Al Porter (born Alan Kavanagh, 6 January 1993) is an Irish comedian, actor, pantomime star, writer and radio broadcaster.

==Career==
===Acting===
Porter has been acting since he was 10 years old, and has starred in several Christmas Pantomime productions in the Olympia Theatre in Dublin in the past.

===Comedy===
By the time he was 22 he was also able to sell out Dublin comedy venue Vicar Street for 3 nights as the headline act.

In August 2016, while performing at the Edinburgh Festival he was described as a "former panto star" by The Guardian. However The Guardian joined The London Standard in giving his show a positive review.
 He is currently working again as a comedian after a hiatus following allegations of sexual assault.

===Radio host===
In 2017, it was announced that Porter would be joining Today FM and taking over the 12pm-2:30pm slot. Porter's show commenced on Monday 13 February 2017.

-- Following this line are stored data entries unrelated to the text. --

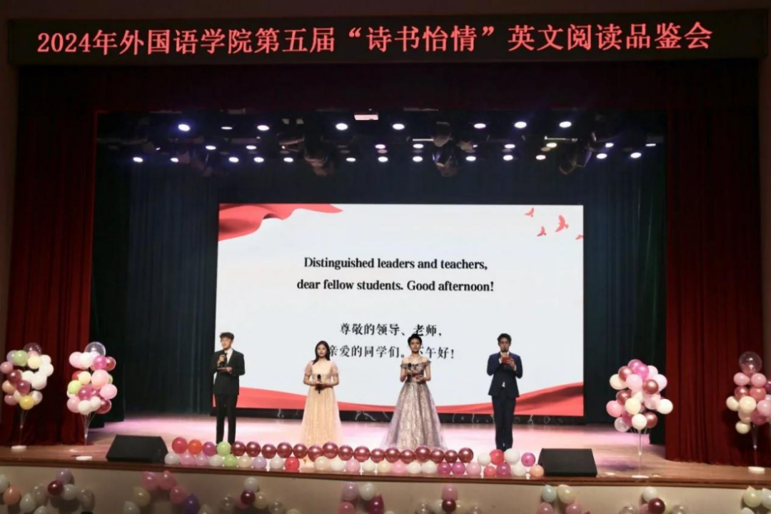 6月4日下午,外国语学院在冀春音乐厅举办第五届“诗书怡情”英文阅读品鉴会。沧州外国语学校党支部书记、校长李智、副书记张培武、副校长何伟贤及部分师生代表受邀出席活动。
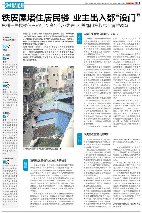 权属不清,却存在了近30年的铁皮屋,把惠州一小区三个单元的入户门都挡死了,30多户居民只能通过绕道4楼的公共走廊出入,对生活、出行都造成了重大影响。业主投诉也迟迟不能解决。桥东市场监督管理所和惠城
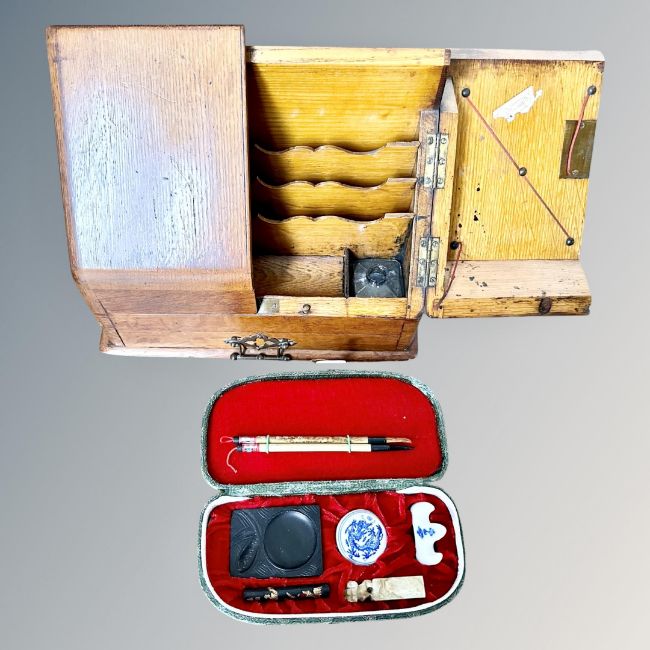 A Victorian oak correspondence box and a Japanese caligraphy set (2)
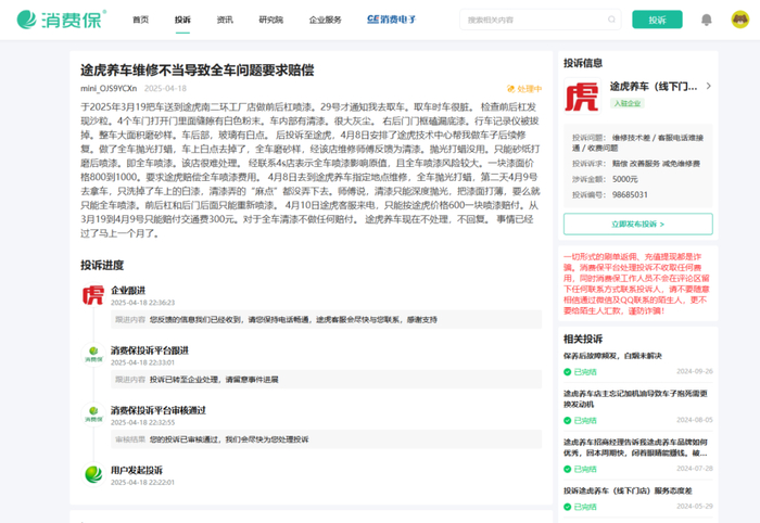 某用户于2025年4月18日向消费保投诉称,“于2025年3月19日把车送到途虎工厂店做前后杠喷漆,取车时车很脏,车内部有清漆,右后门门框磕漏底漆,行车记录仪被拔掉,整车大面积磨砂样......”
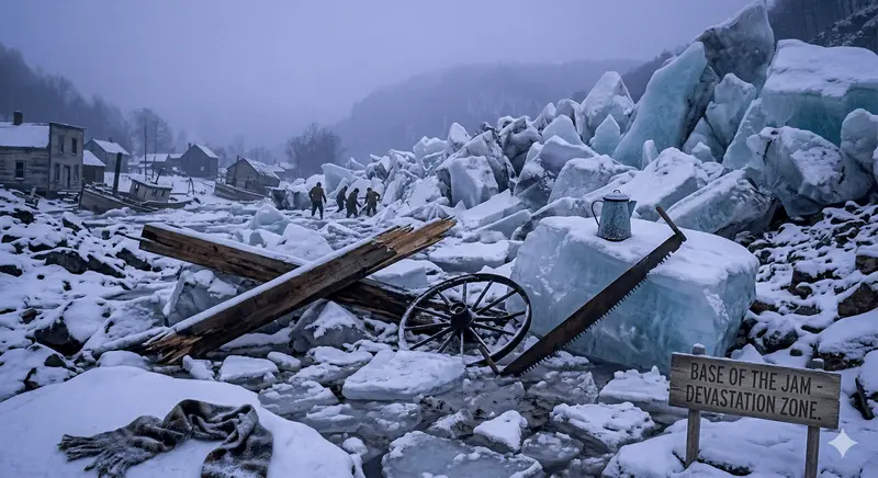 As the rapidly rising water surged beneath the frozen river, it applied immense upward pressure. The river did not melt; it exploded. The sound, described by contemporary observers as a "continuous, rolling artillery fire," signaled the breaking of the ice sheet into jagged, multi-ton blocks.
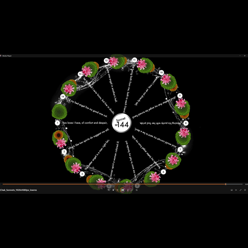 The Shakespe(AI)re Project is an artistic-scientific video installation in the realm of AI-Assisted art with artist-driven processing. Utilizing cutting-edge technologies, it bridges microbiology and medieval poetry. This project explores human relationships through artistic means by examining the processes of interaction and communication among bacteria.
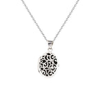 Delicate filigree design on the front of this Oval-shaped locket urn necklace for ashes. Choose your inset colour - black, turquoise or magenta from the dropdown list. Locket opens to reveal picture on one side and engraving or fingerprint on the other.
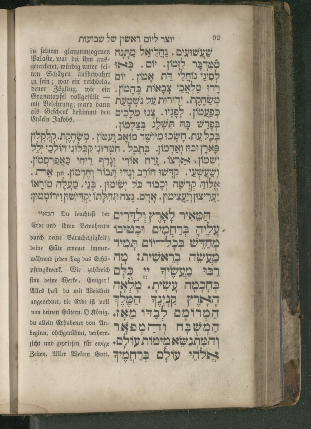 92 יוצר ליום ראשון של שבועות i us⸗ ö. 7 7, 127192 לומון. יום, בו gezeichnet, würdig unter ſei⸗ לסיני נוחלי דת nen Schätzen aufbewahrt Dr io ידו מלא ה ויר"(' ה".0900 zu ſein; war ein M מַלָאבִי צְבָאות One ha 2 ein. M2 ranatapfel vollgefüllt—; ‚PRO ידירוּת על mit Belehrung;* dann DD hd mord צנו מלכים als Geſchenk beftimmt den ma oe תשלג בְּצַלְמון, RAD n dsr; מואָב ועמון. משְחְקת. קלקלון פָארֶן וב fe gde בתבל. המרונ קבונ הולכי ילל ישמון. MMS אורי 5 ריחי ‚DNS ושעשעי. קדשו חורב ונדו הבור וחרמון. חן R העודי+. 1.* 1. 4 אלוה קְדשָה וְכְבוד בל ישימון. 33 מעלָה מורָאו המאיר לְאָרֶץ וְלדרִים Du 158 der המאיר עליה ברחמים ובמובו Erde und ihren Bewohnern durch deine Barmherzigkeit;, , deine Güte erneuet immer⸗ DDR R; 232 d My מעשה בראשית: מה während jeden Tag das Schöͤ⸗ רבו מעשיך 99 vyfungs wert. Wie zahlreich ih ., 5.=!וו find deine Werke, MD עש 45 מְלְאָה Alles haft du mit Weisheit angeordnet, die Erde iſt voll on 72 7X7] המרומם 1425 von deinen Gütern. O König, 288 D חמש 2 וד- מ פא taten von An⸗ וריע du >" וכל שא beginn, ohchgerühmt, verherr⸗ והמתנשא מימות עולםי für ewige 1 Jod עילם guten. Aller Welten Gott, os

===Television presenting===
On 8 October 2017, Porter presented the new series of Blind Date on TV3.

On 18 November 2017 the Metro and the Irish edition of The Times reported that Porter has been subject to four allegations from people within the comedy industry of sexual misconduct. On the same day his radio employer Today FM released a statement saying that they had spoken with Porter and his management team concerning the allegations. Later that day a spokesperson for Porter said he has agreed to "take some personal time from his lunchtime radio show."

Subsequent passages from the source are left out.